It's as simple as that, we don't need to do anything else, rest will be taken care of by the pipeline.

Search Relevancy

As explained above, this stage lets us set default values for fields so that even if those are not passed in the request body, they are automatically applied. ReactiveSearch pipelines provides this as a pre-built stage in the name searchRelevancy.

We will define this stage in the following way:

Copy
- id: search relevancy
  use: searchRelevancy
  inputs:
    search:
      dataField:
        - original_title
      size: 1
    suggestion:
      dataField:
        - original_title
      enablePopularSuggestions: true
      size: 3
      popularSuggestionsConfig:
        size: 1
      enableRecentSuggestions: true
      recentSuggestionsConfig:
        size: 1
  continueOnError: false

In the above, we are passing the following fields as inputs:

  • search.dataField: The field present in the index to be set as dataField in the request body.
  • search.size: The size value to be set in the request body if it's not already passed.
  • suggestion.dataField: This is similar to the above search field but it is applied for suggestion type of requests.
  • suggestion.enablePopularSuggestions: This fields sets the enablePopularSuggestion field in the request body if it's not already passed.
  • suggestion.size: Same as above except this is for suggestion type of requests.
  • suggestion.popularSuggestionsConfig.size: As the name suggests, sets the size field for popularSuggestionsConfig if it's not already passed in the request body.
  • suggestion.enableRecentSuggestions: This field indicates whether or not to enable recent suggestions and is set if not already passed in the request body.
  • suggestions.recentSuggestionsConfig.size: Similar as above except for recent suggestions.

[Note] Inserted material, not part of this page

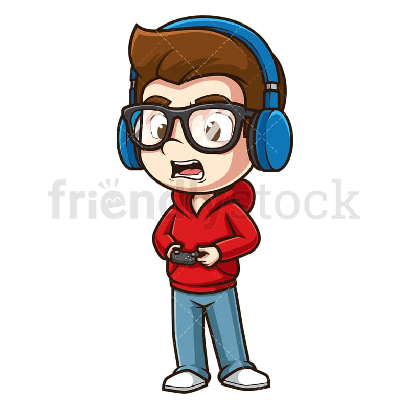 Royalty-free stock illustration of a man wearing glasses, headphones, and a hoodie, looking in the zone, as he holds a gaming pad while playing video games.

Besides this, we are also setting the continueOnError as false which indicates that the execution of the pipeline should not continue if this stage fails. This is important since without applying these fields, the request will not be properly translated to the equivalent ElasticSearch request.

Replace Search Term

At times, we might have the need to replace the search term with something different. This can be achieved by using the pre-built stage replaceSearchTerm. We can define it in the following way:

Copy
- id: replace search term
  use: replaceSearchTerm
  inputs:
    data: harry potter

We can pass the new search term through the inputs.data field.

Remove Words

At times, we might even want to remove certain words from the search term entered by the user. We can use the pre-built stage replaceWords in a situation like this. We can define it in the following way:

Copy
- id: replace words
  use: replaceWords
  inputs:
    data:
      - test
      - rick astley

We can pass the words to be removed in the inputs.data field. This field should be an array of strings and every word that occurs in this array will be removed from the search term.

Replace Words

Sometimes, we might have the need to replace certain words with some other words. This can be for any number of reasons like improving search relevancy for the user and so.

We can do that in the following way using the pre-built stage replaceWords:

Copy
- id: replace words
  use: replaceWords
  inputs:
    data:
      harry: harry potter

We can pass whatever field we want to replace in the inputs.data field as an object. Every word matching the key in the data field will be replaced with the value passed along with it.

Add Filter

Adding filter is sometimes an useful function in order to improve the search results. Let's say we want to add a filter to set the authors field to Agatha Christie. We can do that using the pre-built stage addFilter.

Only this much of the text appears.